Number of containers:

oc get pods -A -o jsonpath="{.items[*].spec['initContainers', 'containers'][*].name}" |tr -s '[[:space:]]' '\n' |wc -l
785

The offending rule from the alert is clear from the alert:

[FIRING:2] openshift-user-workload-monitoring (ThanosRuleRuleEvaluationLatencyHigh thanos-ruler platform openshift-monitoring/k8s /thanos/data/.tmp-rules/ABORT/etc/thanos/rules/thanos-ruler-user-workload-rulefiles-0/openshift-kepler-operator-kepler-exporter-prom-rules-ed6d3a57-9819-4af5-a557-97df184cd242.yaml;kepler.rules warning)

The UWM is very easy:

apiVersion: v1
kind: ConfigMap
metadata:
  name: user-workload-monitoring-config
  namespace: openshift-user-workload-monitoring
data:
  config.yaml: |
    prometheus: 
      retention: 7d 
      resources:
        requests:
          cpu: 200m 
          memory: 2Gi 
      volumeClaimTemplate:
        spec:
          resources:
            requests:
              storage: 20Gi
    alertmanager:
      enabled: true
      enableAlertmanagerConfig: true

TitaniumBoy commented 7 months ago

I would like to just add that we are also experiencing this alert for the last few weeks also...

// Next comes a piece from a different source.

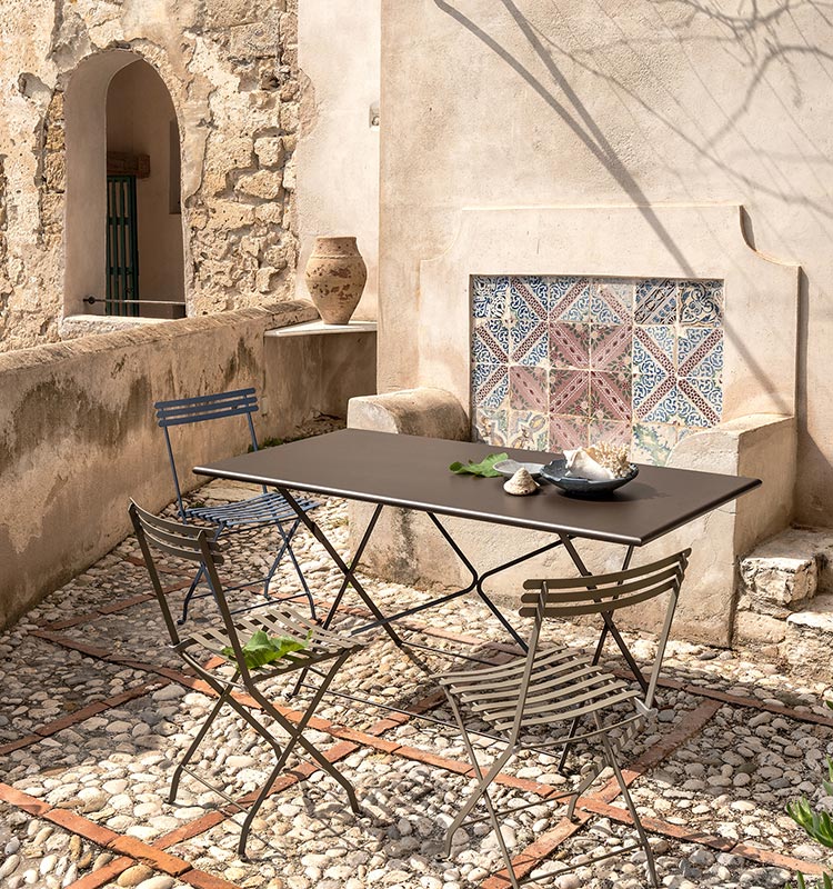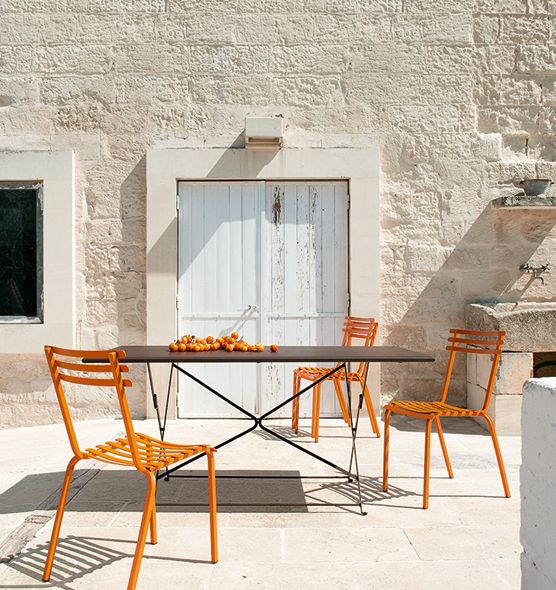 The Flower collection is a line of tables and chairs in which colored metal runs through the bright colors of nature.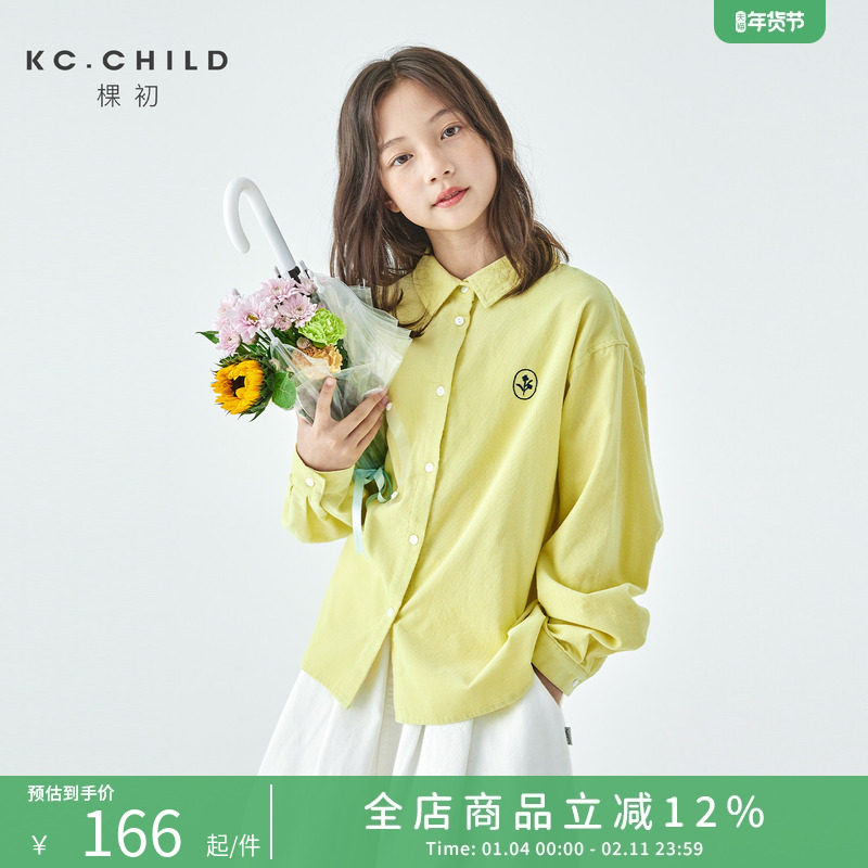 棵初2026年春亲子中大女童黄色灯芯绒衬衫纯棉复古微宽松休闲上衣

Here are our details as per rgordill's post.

Operator: oc get ClusterServiceVersion -n openshift-operators |grep kepler

kepler-operator.v0.9.2 Kepler 0.9.2 kepler-operator.v0.9.0 Succeeded

oc get nodes --no-headers |wc -l 6

oc get pods --no-headers -A |wc -l 6164

oc get pods -A -o jsonpath="{.items[*].spec['initContainers', 'containers'][*].name}" |tr -s '[[:space:]]' '\n' |wc -l 12007

Alert is clear and the same as above: ThanosRuleRuleEvaluationLatencyHigh Thanos Rule XXX.XXX.XXX.XXX:9092 in Namespace [openshift-user-workload-monitoring] has higher evaluation latency than interval for /thanos/data/.tmp-rules/ABORT/etc/thanos/rules/thanos-ruler-user-workload-rulefiles-0/openshift-kepler-operator-kepler-exporter-prom-rules.yaml;kepler.rules.

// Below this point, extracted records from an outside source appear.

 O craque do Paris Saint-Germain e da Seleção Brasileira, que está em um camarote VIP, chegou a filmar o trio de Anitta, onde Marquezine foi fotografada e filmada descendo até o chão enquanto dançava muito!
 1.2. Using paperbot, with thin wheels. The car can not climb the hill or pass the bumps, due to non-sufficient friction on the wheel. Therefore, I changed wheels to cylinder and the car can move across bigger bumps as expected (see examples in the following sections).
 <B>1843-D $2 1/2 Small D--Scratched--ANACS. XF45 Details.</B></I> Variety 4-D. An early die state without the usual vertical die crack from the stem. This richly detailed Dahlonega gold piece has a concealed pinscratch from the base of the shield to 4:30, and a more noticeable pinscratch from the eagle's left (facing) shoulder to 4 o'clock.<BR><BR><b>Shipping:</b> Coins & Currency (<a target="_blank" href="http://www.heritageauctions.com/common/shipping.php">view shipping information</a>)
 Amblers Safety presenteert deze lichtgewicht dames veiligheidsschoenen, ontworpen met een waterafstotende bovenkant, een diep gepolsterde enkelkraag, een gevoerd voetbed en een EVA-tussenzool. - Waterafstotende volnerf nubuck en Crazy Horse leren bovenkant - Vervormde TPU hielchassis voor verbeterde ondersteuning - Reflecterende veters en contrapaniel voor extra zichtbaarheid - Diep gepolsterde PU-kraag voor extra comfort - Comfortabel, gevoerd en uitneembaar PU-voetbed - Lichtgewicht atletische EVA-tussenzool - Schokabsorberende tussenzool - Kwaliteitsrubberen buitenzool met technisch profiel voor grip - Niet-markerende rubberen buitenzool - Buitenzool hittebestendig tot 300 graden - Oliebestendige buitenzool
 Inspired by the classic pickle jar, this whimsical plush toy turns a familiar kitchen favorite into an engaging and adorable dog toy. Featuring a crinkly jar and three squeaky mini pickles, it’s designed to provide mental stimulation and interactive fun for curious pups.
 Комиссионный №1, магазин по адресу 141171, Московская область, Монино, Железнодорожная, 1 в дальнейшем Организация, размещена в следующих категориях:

Is there anyway to adjust the timeout value for the query to succeed please?

sthaha commented 7 months ago

Is there anyway to adjust the timeout value for the query to succeed please?

Unfortunately not. The rule is deployed by operator and changes to the rules will be reverted back by the operator.

@TitaniumBoy @rgordill , Since the rule evaluation takes long, could you please help us understand how many time-series are active?

what does prometheus_tsdb_head_series give you?

TitaniumBoy commented 6 months ago

Sorry for the late response. Here are the current values from prometheus_tsdb_head_series

prometheus_tsdb